Oracle open sources Graphpipe to standardize machine learning model deployment

Oracle, a company not exactly known for having the best relationship with the open source community, is releasing a new open source tool today called Graphpipe, which is designed to simplify and standardize the deployment of machine learning models.

The tool consists of a set of libraries and tools for following the standard.

Vish Abrams, whose background includes helping develop OpenStack at NASA and later helping launch Nebula, an OpenStack startup in 2011, is leading the project. He says as his team dug into the machine learning workflow, they found a gap. While teams spend lots of energy developing a machine learning model, it’s hard to actually deploy the model for customers to use. That’s where Graphpipe comes in.

He points out that it’s common with newer technologies like machine learning for people to get caught up in the hype. Even though the development process keeps improving, he says that people often don’t think about deployment.

“Graphpipe is what’s grown out of our attempt to really improve deployment stories for machine learning models, and to create an open standard around having a way of doing that to improve the space,” Abrams told TechCrunch.

As Oracle dug into this, they identified three main problems. For starters, there is no standard way to serve APIs, leaving you to use whatever your framework provides. Next, there is no standard deployment mechanism, which leaves developers to build custom ones every time. Finally, they found existing methods leave performance as an afterthought, which in machine learning could be a major problem.

“We created Graphpipe to solve these three challenges.
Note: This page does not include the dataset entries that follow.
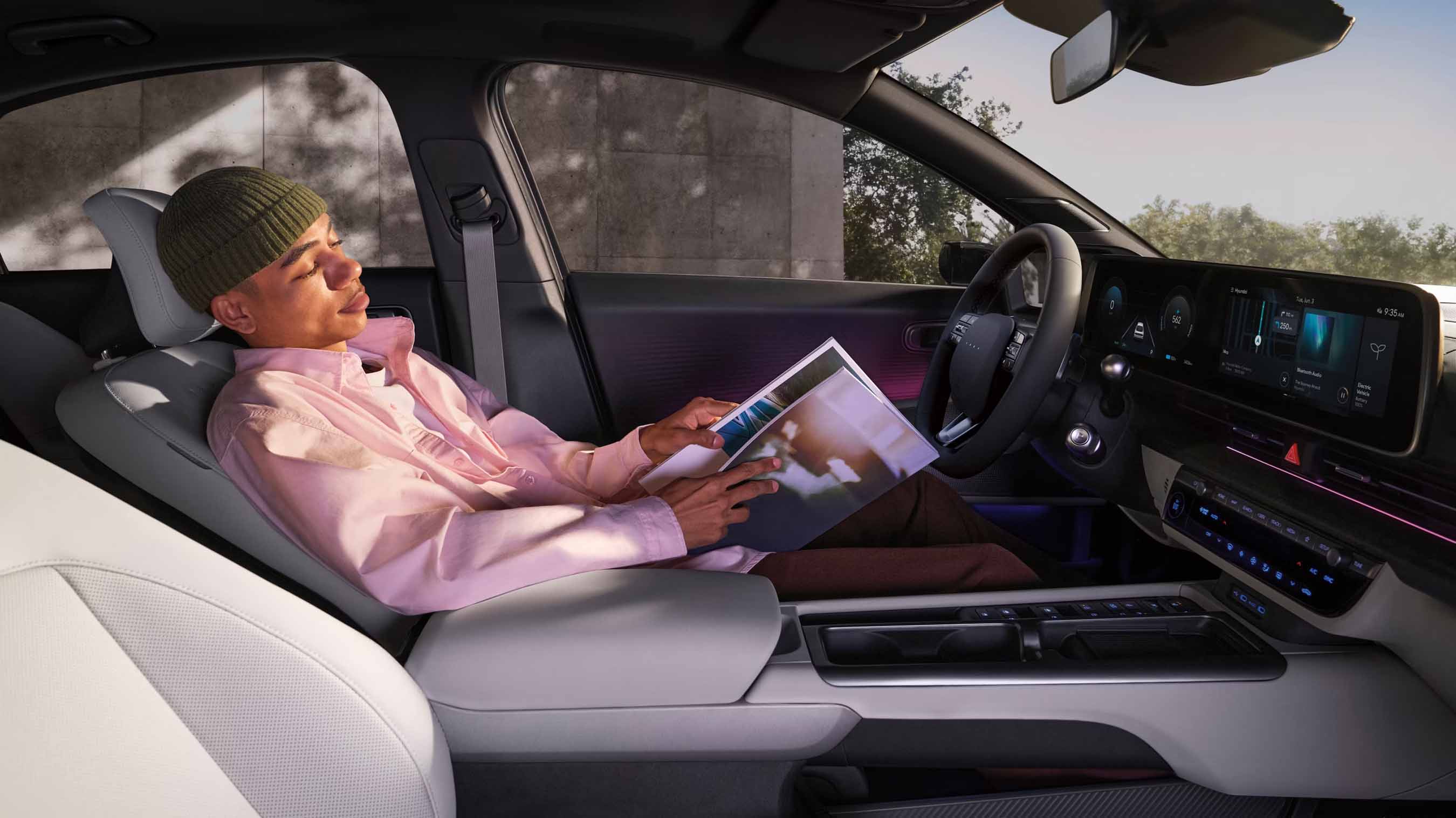 Sièges relaxants haut de gamme à l'intérieur de la berline électrique Hyundai IONIQ 6.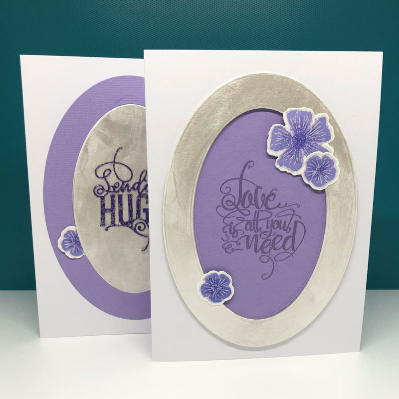 Duo of oval frame cards in purple and shining silver – TCK 22 – Oval Frame.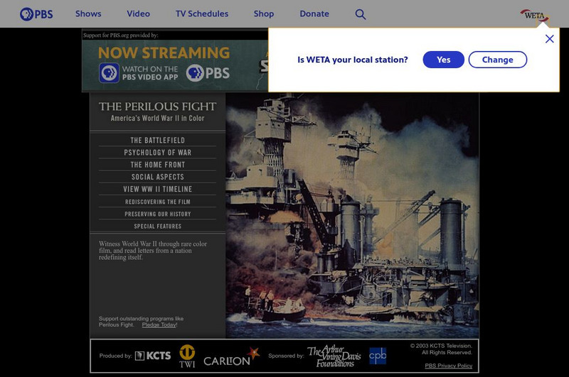 Online home of the PBS documentary "The Perilous Fight" provides access to an eclectic array of color photographs and films of World War II at home and abroad. Overviews, contextual clues, maps, letters, and similar resources can be...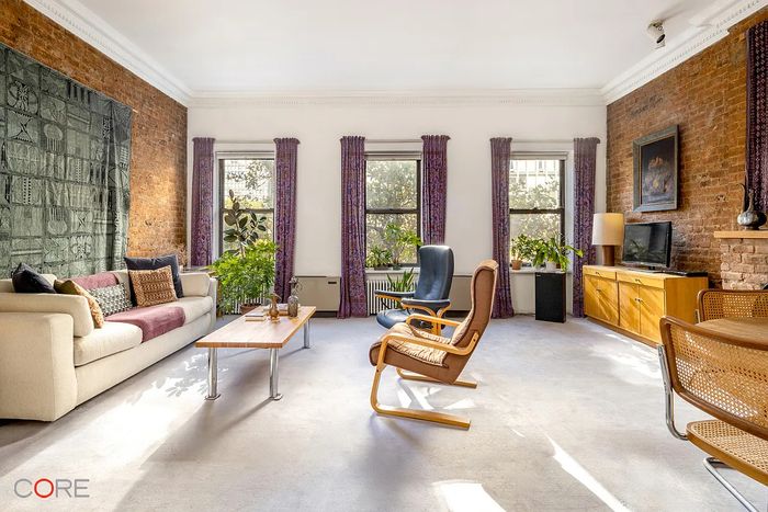 This is one of the midtown blocks that you could easily mistake for Park Slope if you, I don’t know, had a flower pot fall on your head. But it’s pretty. This floor-through townhouse co-op has a lot of cute details, like the working brick fireplace and the skylights in the kitchen and bathroom. The appliances need updating and you might want to rip up the carpet (though the shade is very now and I think as a culture we’ve gone the wrong way on wall-to-wall), but it’s spacious enough for a home office. The monthlies are high, at $2,754, but the listing notes that once the ground-floor space is sold or leased, it should drop below $2,000.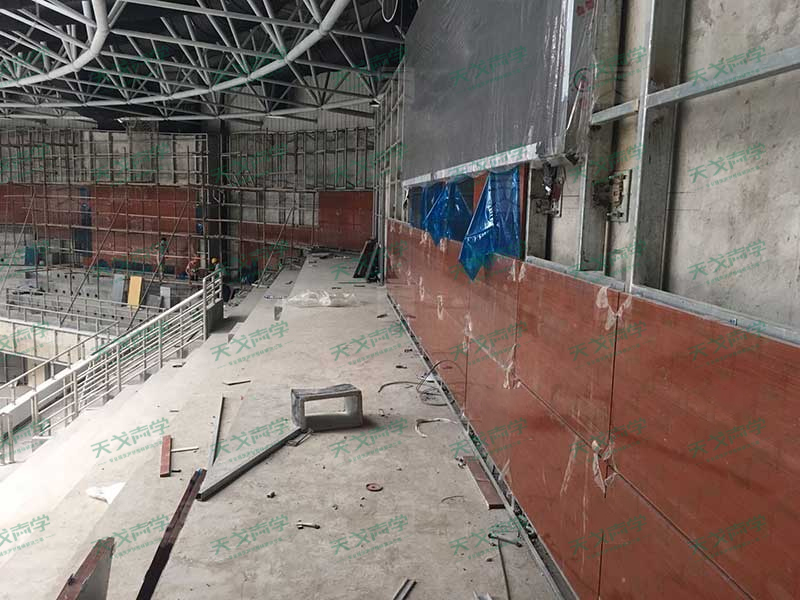 天戈声学根据《体育馆建筑设计规范》为其设计了合理的混响时间,并且在比赛大厅相应的位置上安装吸音材料以及针对存在问题相应采取消声、降噪和减震的措施;在材料的选择上也是严格按照国家规定的环保要求,相对应采用不燃烧、难燃烧的材料,例如我们的明星产品--穿孔吸音板。天戈体育馆穿孔吸音板饰面颜色及材料选择性广,孔径、孔距可根据客户要求调整,能很好地满足客户多样化的声学及装饰需求。穿孔吸音板对吸声频谱选择性较强,对中低频有很好的吸声性能。如在吸声结构后空腔上填入适量的吸声棉可提高中、高频吸声效果,是理想的体育馆吸音材料。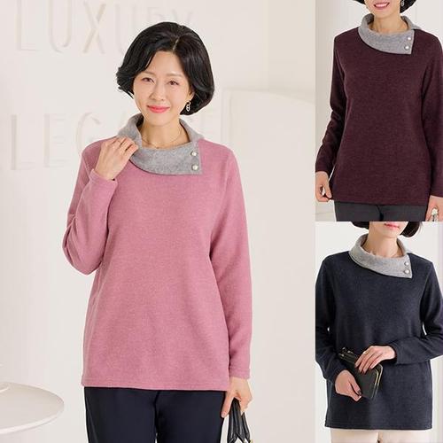 엄마옷 마담4060 이중주름진주폴라티셔츠-QTE2601052-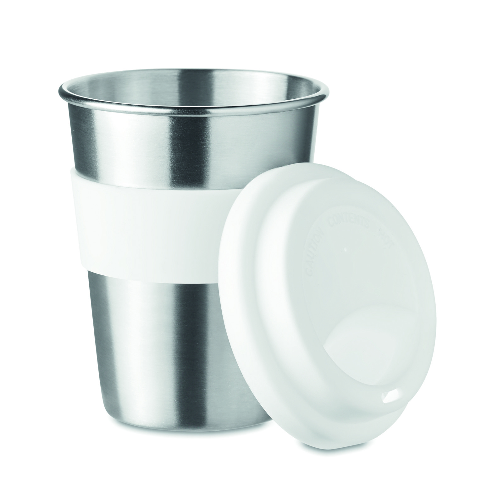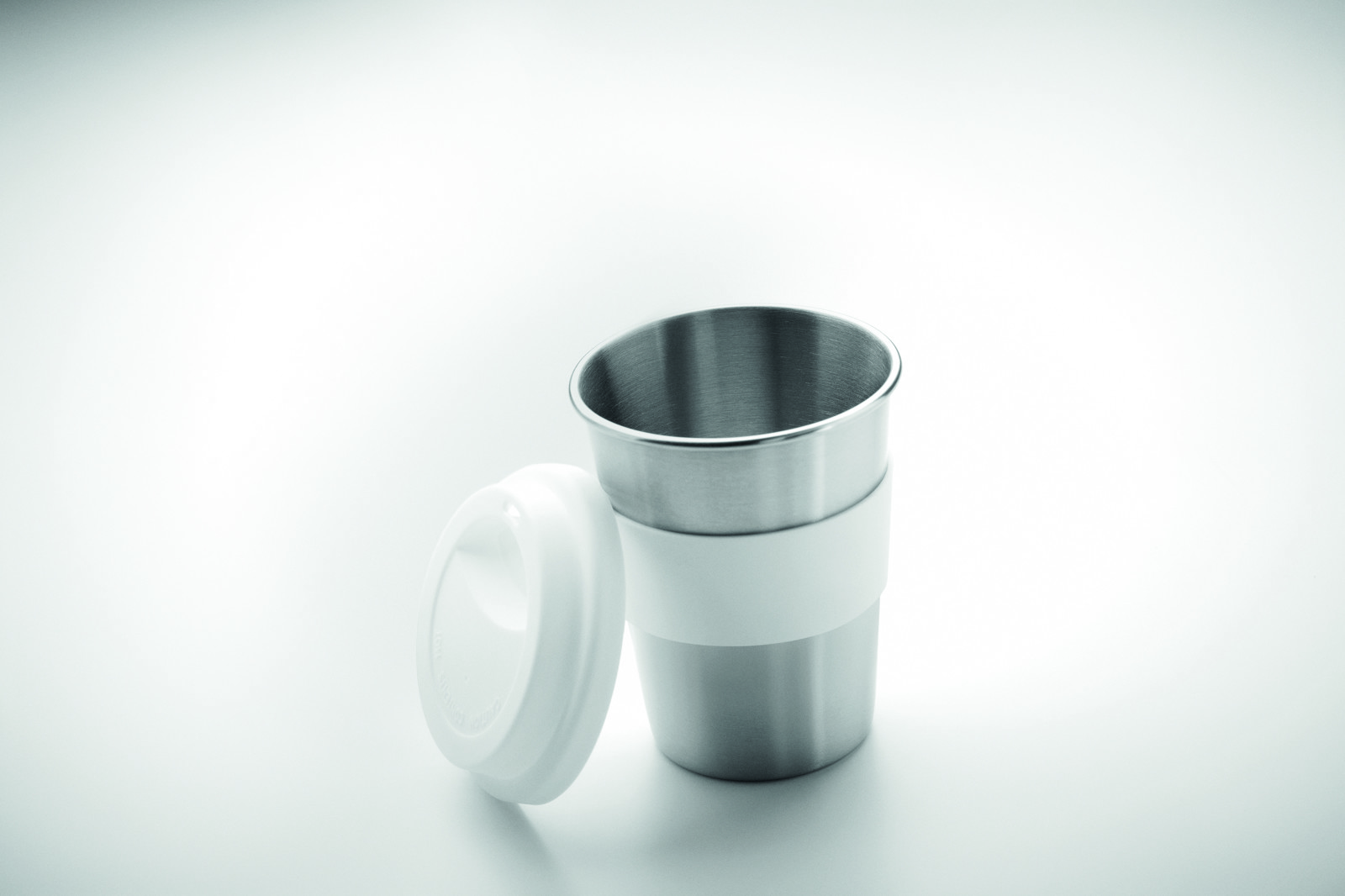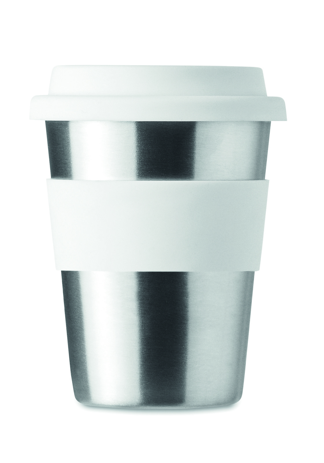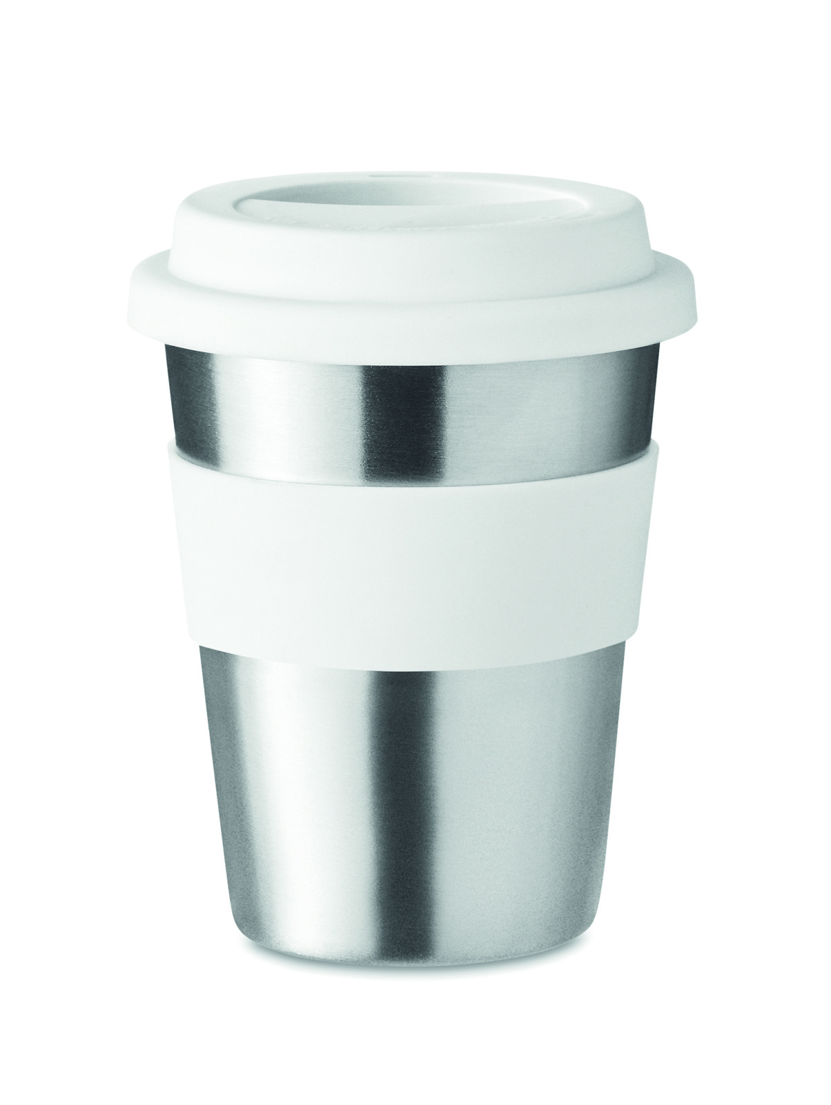 Einwandiger Trinkbecher aus Edelstahl mit Griffteil und Deckel aus Silikon. Füllmenge: 350 ml. Da der einwandige Becher die Hitze nach Außen leiten kann, kann der Artikel heiß werden.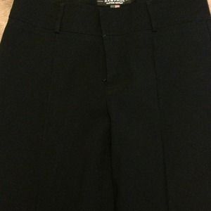 Black pants that have a very defined ribbing down the center crease with a cuff around the bottoms. I tried to picture it as best I could!! They are a different feeling material that is made up of 73% rayon, 24% polyester, and 3% spandex. Excellent, new quality.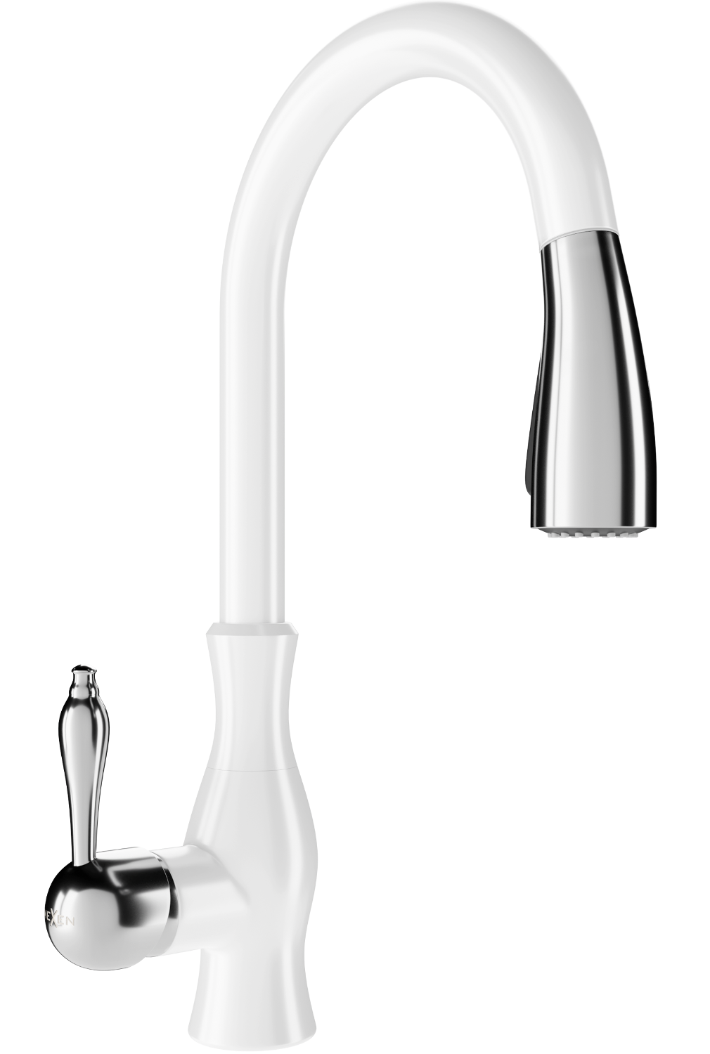 Batteries with a stretched spout are a practical solution in the kitchen. With the help of the pull -out head, we can reach each nook of the sink and large pots, wash the vegetables and fruits thoroughly, without splashing the space around the sink.
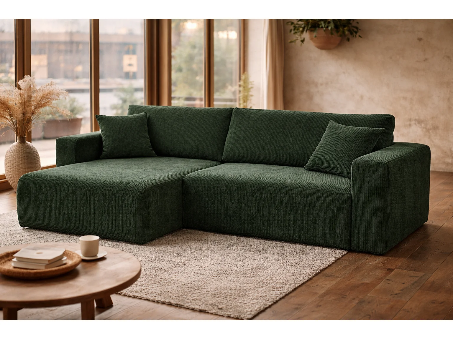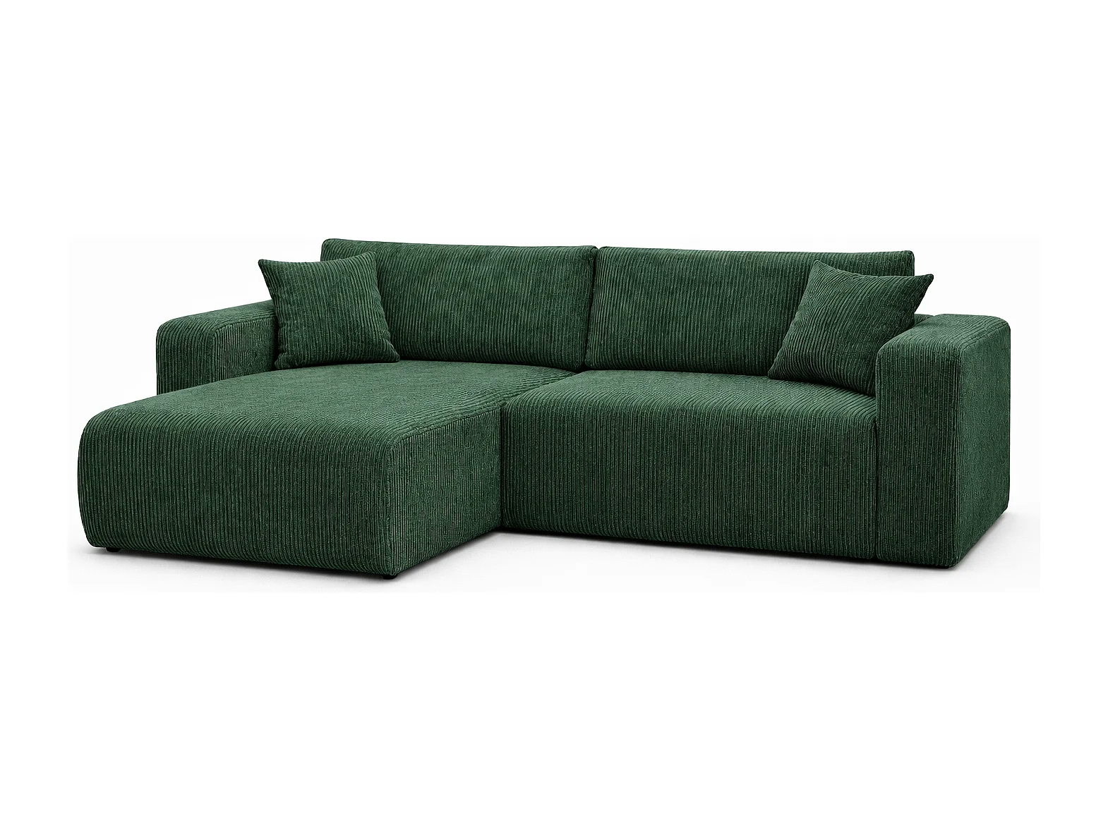 Omkeerbare hoekslaapbank Flora L met slaapfunctie en universele opbergbox in fles groen ribfluweel Rechtstreeks van de fabrikant, levering en plaatsing gratis!

It provides a standard, high-performance protocol for transmitting tensor data over the network, along with simple implementations of clients and servers that make deploying and querying machine learning models from any framework a breeze,” Abrams wrote in a blog post announcing the release of Graphpipe.

The company decided to make this a standard and to open source it to try and move machine learning model deployment forward. “Graphpipe sits on that intersection between solving a business problems and pushing the state of the art forward, and I think personally, the best way to do that is by have an open source approach. Often, if you’re trying to standardize something without going for the open source bits, what you end up with is a bunch of competing technologies,” he said.

Abrams acknowledged the tension that has existed between Oracle and the open source community over the years, but says they have been working to change the perception recently with contributions to Kubernetes and Oracle FN, their open source Serverless Functions Platform as examples. Ultimately he says, if the technology is interesting enough, people will give it a chance, regardless of who is putting it out there. And of course, once it’s out there, if a community builds around it, they will adapt and change it as open source projects tend to do. Abrams hopes that happens.

“We care more about the standard becoming quite broadly adopted, than we do about our particular implementation of it because that makes it easier for everyone. It’s really up to the community decide that this is valuable and interesting.” he said.

Graphpipe is available starting today on the Oracle GitHub Graphpipe page.